Sarah reminds me of a Sarah I knew in college, who preferred lounging around and watching WWE matches instead of doing school things. I guess I'm just more drawn to Karen since I like cute things. :3


----------



## Rabbit-masked-man (Mar 2, 2016)

Sforzie said:


> I kind of want to see a green wyvern wearing a jaunty little eyepatch now. Hmm.
> 
> Sarah reminds me of a Sarah I knew in college, who preferred lounging around and watching WWE matches instead of doing school things. I guess I'm just more drawn to Karen since I like cute things. :3



That is pretty much the perfect description of Sarah, really. Well, Sarah works out, too, of course. She needs to keep up her physique somehow.
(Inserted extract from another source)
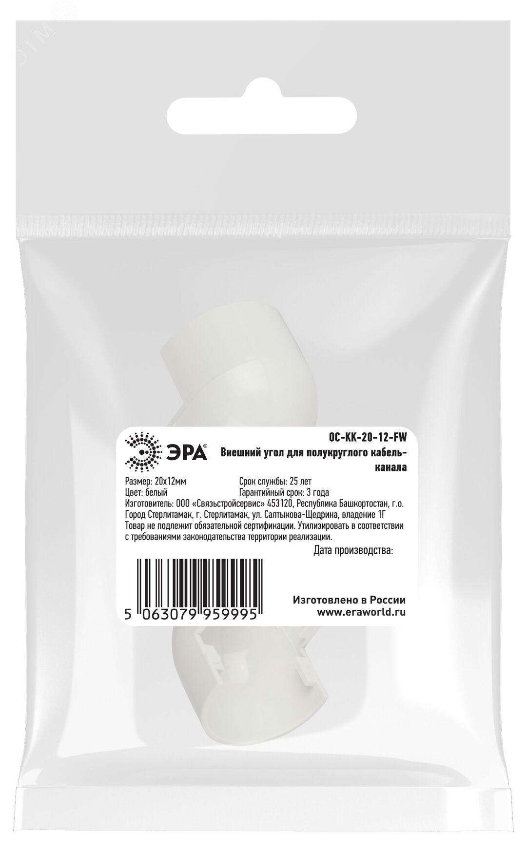 Внешний угол ЭРА OC-KK-20-12-FW для полукруглого кабель-канала белый 20х12мм 2 шт в упаковке. Данные аксессуары необходимы для создания единой кабельной трассы. Они позволяют производить соединения и ответвеления при монтаже полукруглого кабель-канала. Выполнены из АБС-пластика

Karen was designed to be the cuter and more charismatic one, but I have a friend who thinks Sarah is the hotter one.


----------



## Sforzie (Mar 2, 2016)

Design wise (from what I saw in your gallery), the girls remind me somewhat of the main characters from the old anime Dirty Pair. Except, you know, as cats. Hopefully Sarah and Karen are better at whatever jobs they do! ^^;


----------



## Ashkay Snowhunter (Mar 2, 2016)

Seems pretty interesting so far. It gives me that Borderlands feel.


----------



## Rabbit-masked-man (Mar 2, 2016)

Sforzie said:


> Design wise (from what I saw in your gallery), the girls remind me somewhat of the main characters from the old anime Dirty Pair. Except, you know, as cats. Hopefully Sarah and Karen are better at whatever jobs they do! ^^;



Tbh, I've never actually watched dirty pair, but I've been meaning to check it out. But I know OF dirty pair and can say that the outfits are a bit of an indirect inspiration. 
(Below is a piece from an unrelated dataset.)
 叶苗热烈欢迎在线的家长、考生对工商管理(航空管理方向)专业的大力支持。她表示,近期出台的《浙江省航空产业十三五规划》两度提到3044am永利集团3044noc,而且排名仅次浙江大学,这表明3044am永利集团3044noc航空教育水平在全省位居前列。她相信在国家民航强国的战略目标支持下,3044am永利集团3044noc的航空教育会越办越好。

Honestly, they are more inspired by Fred Perry's Gold Digger.


----------



## Strangeguy32000 (Mar 5, 2016)

Nice. It's kind of got a post-apocalyptic feel to it, but like if society had just started on an irreversible downward spiral rather than the hard "After" we usually see.
Keep up the good work!


----------



## Owleri (Mar 6, 2016)

I really like those wyverns~
This looks very interesting so far, the characters look really fun c:


----------



## LightBreakerEGX (Mar 12, 2016)

Bounty hunting is a dangerous thing, if it's a dead or alive kind of job, I got a friend who could make a rather "especially brutal" Hand Cannon for ya


----------